For the cookies:
1 3/4 cups all-purpose flour
3/4 cup unsweetened cocoa powder (not Dutch-process)
1 1/2 tsp baking soda
1/2 tsp coarse salt
1 T unsalted butter, softened
1/3 c. vegetable shortening
1/2 cup granulated sugar
1 large egg
1 cup whole milk
1 tsp pure vanilla extract
For the filling:
4 oz cream cheese at room temperature
1/2 cup (1 stick) unsalted butter at room temperature
1/2 cup confectioners' sugar
1/4 cup canned solid pack pumpkin
pinch of cinnamon
pinch of nutmeg
1. Prepare cookies. Preheat oven to 375 degrees. Sift together flour, cocoa, baking soda and salt into a medium bowl; set aside.

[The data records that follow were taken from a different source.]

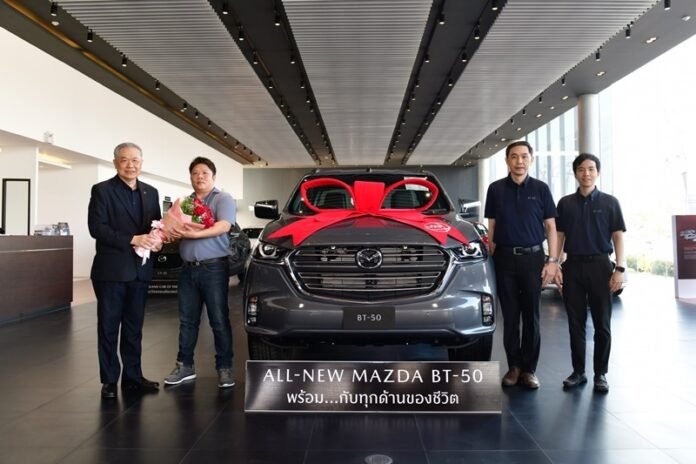 เมื่อเร็วๆ นี้ บริษัท มาสด้า (เซลส์) ประเทศไทย จำกัด นำโดย นายชาญชัย ตระการอุดมสุข ประธานบริหาร (ซ้ายสุด) พร้อมด้วย นายจารุรัฐ ปิงคลาศัย (ที่สองจากขวา) ประธานเจ้าหน้าที่บริหาร บริษัท มาสด้า ชลบุรี จำกัด (มหาชน) และ นายณัฐกุล ปิงคลาศัย (ขวาสุด) ผู้จัดการทั่วไป บริษัท มาสด้า ชลบุรี จำกัด (มหาชน) สาขากาญจนาภิเษก ร่วมส่งมอบ ALL-NEW MAZDA BT-50 รถปิกอัพเจเนอเรชั่นใหม่ที่ผนวกคุณสมบัติของปิกอัพที่ดีที่สุดในโลกรวมเป็นหนึ่งเดียวให้กับลูกค้า ณ โชว์รูมมาสด้า เจพี กาญจนาภิเษก ซึ่งรถรุ่นนี้กำลังประสบความสำเร็จอย่างท่วมท้น และได้รับเสียงตอบรับเป็นอย่างดีจากลูกค้าทั่วประเทศท่ามกลางการระบาดของโควิด-19 ตอกย้ำถึงอีกหนึ่งก้าวแห่งความสำเร็จของมาสด้าในการพัฒนา และส่งมอบยนตรกรรมที่ตอบโจทย์ความต้องการลูกค้าได้อย่างแท้จริงในทุกสถานการณ์
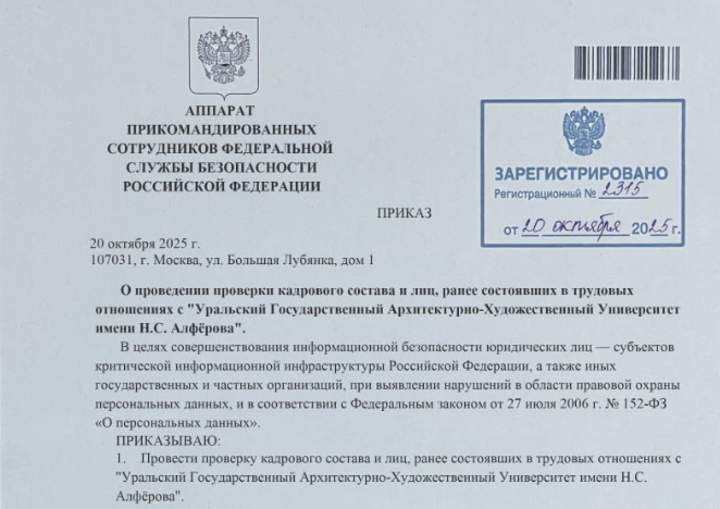 В Уральском государственном архитектурно-художественном университете зафиксирована попытка мошенничества. Как сообщают в вузе, злоумышленники распространили ложный приказ о проведении внеплановой проверки кадрового состава учебного заведения.
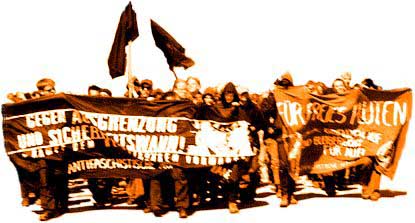 Grenzcamp '99: Shut down fortress Europe!Die hier vorgestellte Veranstaltungsreihe ist Teil der Mobilisierung zum deutsch-dänischen Grenzcamp, welches vom 6. bis 8.8. in Flensburg stattfindet. Organisiert von einem Bündnis antirassistischer/antifaschistischer, linker Gruppen wird das Camp zeitgleich mit anderen Aktionen in Europa und an der mexikanisch-amerikanischen Grenze stattfinden. Geplant sind vielfältige Aktionen in Flensburg sowie in Grenznähe, auch unter Beteiligung dänischer AntirassistInnen. Gemeinsam wollen wir Perspektiven gegen das Europa der Reichen entwickeln und theoretisch sowie praktisch unsere Vorstellungen von einer Welt ohne Ausbeutung und Grenzen der Öffentlichkeit präsentieren. Weitere Infos zum Grenzcamp gibt's unter http://www.nadir.org/grenzaktion. |
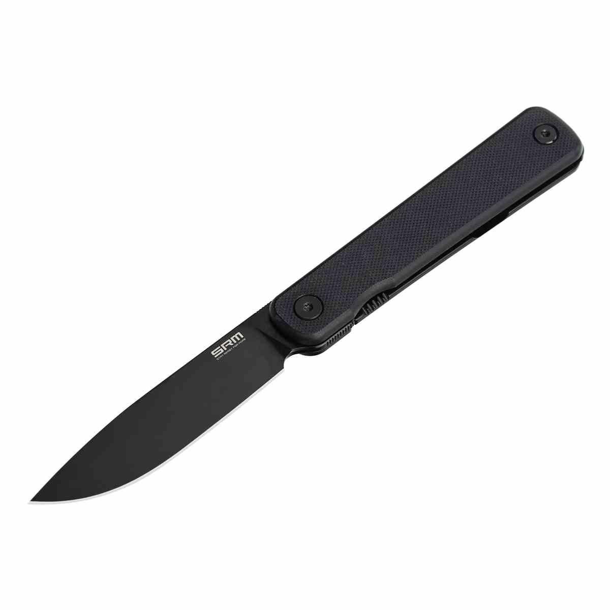 Le SRM Palfrey 135L-GB est un couteau pliant haut de gamme au design minimaliste, pensé pour l’EDC élégant et fonctionnel. Sa lame drop point de 83 mm est en acier inoxydable Sandvik 14C28N, réputé pour sa résistance à la corrosion, sa facilité d’affûtage et sa dureté HRC 57–59. La finition noire oxydée renforce son aspect tactique et discret.

2. Place butter, shortening, and sugars into bowl. Mix on high speed until smooth, about 3 minutes. Add egg; mix until pale and fluffy, about 2 minutes. Mix in half the flour mixture, then the milk and vanilla. Mix in remaining flour mixture.

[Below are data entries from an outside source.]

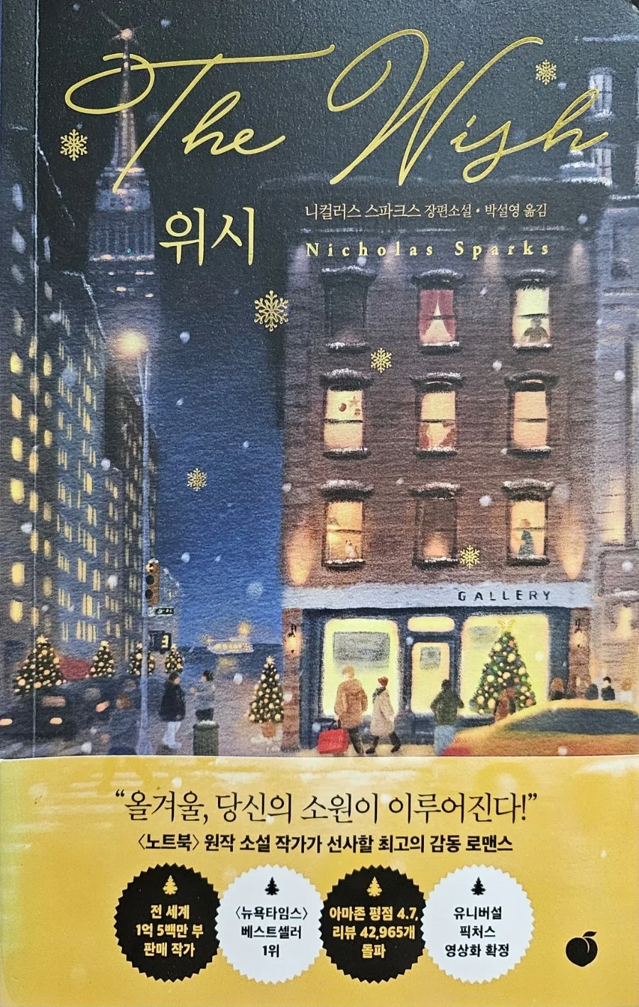 최고의 감동 로맨스! 니컬러스 스파크스 저자 <위시>는 첫사랑의 기억과 삶의 마지막 순간이 교차하는 감동적인 겨울 로맨스 소설이다.
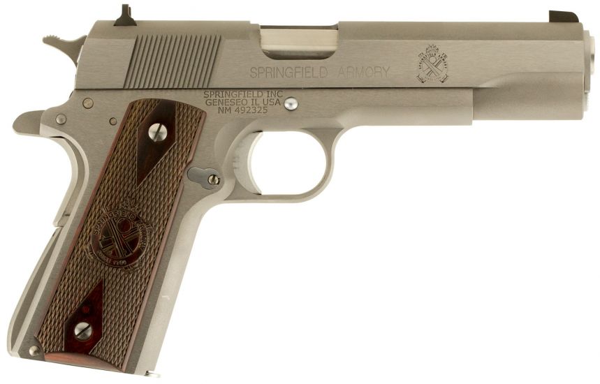 The 1911 Mil-Spec is built on a full-size frame and slide with a match grade, forged stainless steel 5 barrel. Its slide features rear slanted serrations. The mainspring housing is the original arched style found on GI issue 1911-A1s, but it includes the Springfield Armory I.L.S. Each Mil-Spec comes with a beautiful pair of cross-cannon emblazoned Cocobolo grips held in place with slotted grip screws.
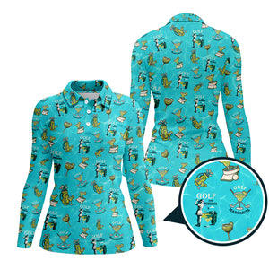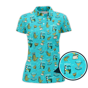Golf And Margarita Pattern Shirts, Funny Cocktail Golf Polos For Women, Ladies Golf Shirt

3. Drop about 2 tsp dough onto baking sheets lined with parchment paper, spacing 2 inches apart. Bake until cookies spring back when lightly touched, 12-14 minutes. Transfer baking sheets to wire racks and let cool 10 minutes. Remove cookies from baking sheets and tranfer to wire racks using a spatula. Let cool completely.
4. Prepare filling. In bowl, whip together cream cheese, butter and confectioners' sugar on medium speed until smooth, about 3 minutes. Add pumpkin, butter and nutmeg; whip until smooth, scraping down the bowl as necessary.
5. Pipe or spoon about 2 tsp filling on the flat side of half the cookies. Sandwich with remaining cookies, keeping the flat sides down.